◆ RECORD EXCERPTS:
[Start of section]

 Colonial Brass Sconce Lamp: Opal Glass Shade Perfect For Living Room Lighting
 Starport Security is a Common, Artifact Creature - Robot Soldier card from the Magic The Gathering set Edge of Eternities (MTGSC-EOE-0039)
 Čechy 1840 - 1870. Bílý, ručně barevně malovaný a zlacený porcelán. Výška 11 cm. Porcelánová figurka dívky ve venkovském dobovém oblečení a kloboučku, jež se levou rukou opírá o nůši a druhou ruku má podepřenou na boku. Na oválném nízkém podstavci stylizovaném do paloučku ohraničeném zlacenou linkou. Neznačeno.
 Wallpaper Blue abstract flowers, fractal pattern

[End of section]
[Start of section]

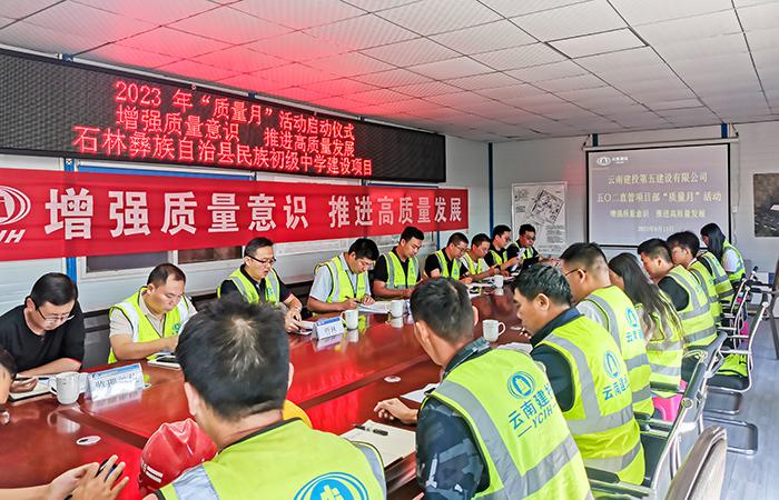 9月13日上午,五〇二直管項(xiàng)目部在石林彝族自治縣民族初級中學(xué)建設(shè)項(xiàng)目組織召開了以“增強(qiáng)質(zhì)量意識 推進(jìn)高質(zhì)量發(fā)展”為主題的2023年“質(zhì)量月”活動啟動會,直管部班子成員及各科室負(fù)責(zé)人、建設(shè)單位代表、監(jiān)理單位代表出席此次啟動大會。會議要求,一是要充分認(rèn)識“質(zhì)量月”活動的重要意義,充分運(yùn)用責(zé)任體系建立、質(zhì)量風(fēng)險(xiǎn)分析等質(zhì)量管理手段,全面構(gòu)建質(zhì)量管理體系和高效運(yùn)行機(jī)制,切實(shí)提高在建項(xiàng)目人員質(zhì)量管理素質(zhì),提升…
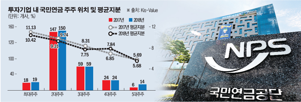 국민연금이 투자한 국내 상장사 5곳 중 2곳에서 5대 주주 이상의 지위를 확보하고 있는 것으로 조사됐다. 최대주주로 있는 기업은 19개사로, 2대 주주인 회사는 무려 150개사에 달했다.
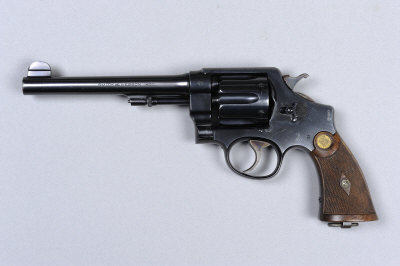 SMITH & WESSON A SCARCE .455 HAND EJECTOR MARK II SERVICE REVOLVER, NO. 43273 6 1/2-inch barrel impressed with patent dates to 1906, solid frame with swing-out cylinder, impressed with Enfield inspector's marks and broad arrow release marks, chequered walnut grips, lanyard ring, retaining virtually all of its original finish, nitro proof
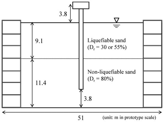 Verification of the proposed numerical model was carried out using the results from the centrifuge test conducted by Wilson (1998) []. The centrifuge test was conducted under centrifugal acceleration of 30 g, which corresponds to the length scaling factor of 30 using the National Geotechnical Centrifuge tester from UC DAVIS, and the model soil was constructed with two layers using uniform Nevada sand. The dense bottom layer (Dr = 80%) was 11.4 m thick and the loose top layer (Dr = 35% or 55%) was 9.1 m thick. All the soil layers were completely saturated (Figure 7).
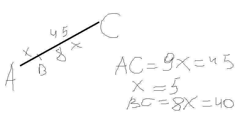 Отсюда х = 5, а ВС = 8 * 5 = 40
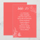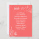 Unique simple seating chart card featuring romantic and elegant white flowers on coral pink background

[End of section]
[Start of section]

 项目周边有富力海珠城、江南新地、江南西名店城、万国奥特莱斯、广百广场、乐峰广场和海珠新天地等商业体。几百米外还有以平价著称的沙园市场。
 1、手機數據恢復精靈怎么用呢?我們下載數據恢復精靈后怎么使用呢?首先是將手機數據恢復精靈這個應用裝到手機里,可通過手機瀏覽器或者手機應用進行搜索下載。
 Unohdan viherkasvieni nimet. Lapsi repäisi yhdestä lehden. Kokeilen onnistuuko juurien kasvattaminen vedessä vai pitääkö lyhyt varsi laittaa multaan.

[End of section]

◆ EXERCISE:
Print again the lines of the entries above that fall between the line holding "Colonial Brass Sconce" and the line holding "Čechy 1840 - 1870.", inclusive, exactly as they stand.

◆ EXERCISE ANSWER:
 Colonial Brass Sconce Lamp: Opal Glass Shade Perfect For Living Room Lighting
 Starport Security is a Common, Artifact Creature - Robot Soldier card from the Magic The Gathering set Edge of Eternities (MTGSC-EOE-0039)
 Čechy 1840 - 1870. Bílý, ručně barevně malovaný a zlacený porcelán. Výška 11 cm. Porcelánová figurka dívky ve venkovském dobovém oblečení a kloboučku, jež se levou rukou opírá o nůši a druhou ruku má podepřenou na boku. Na oválném nízkém podstavci stylizovaném do paloučku ohraničeném zlacenou linkou. Neznačeno.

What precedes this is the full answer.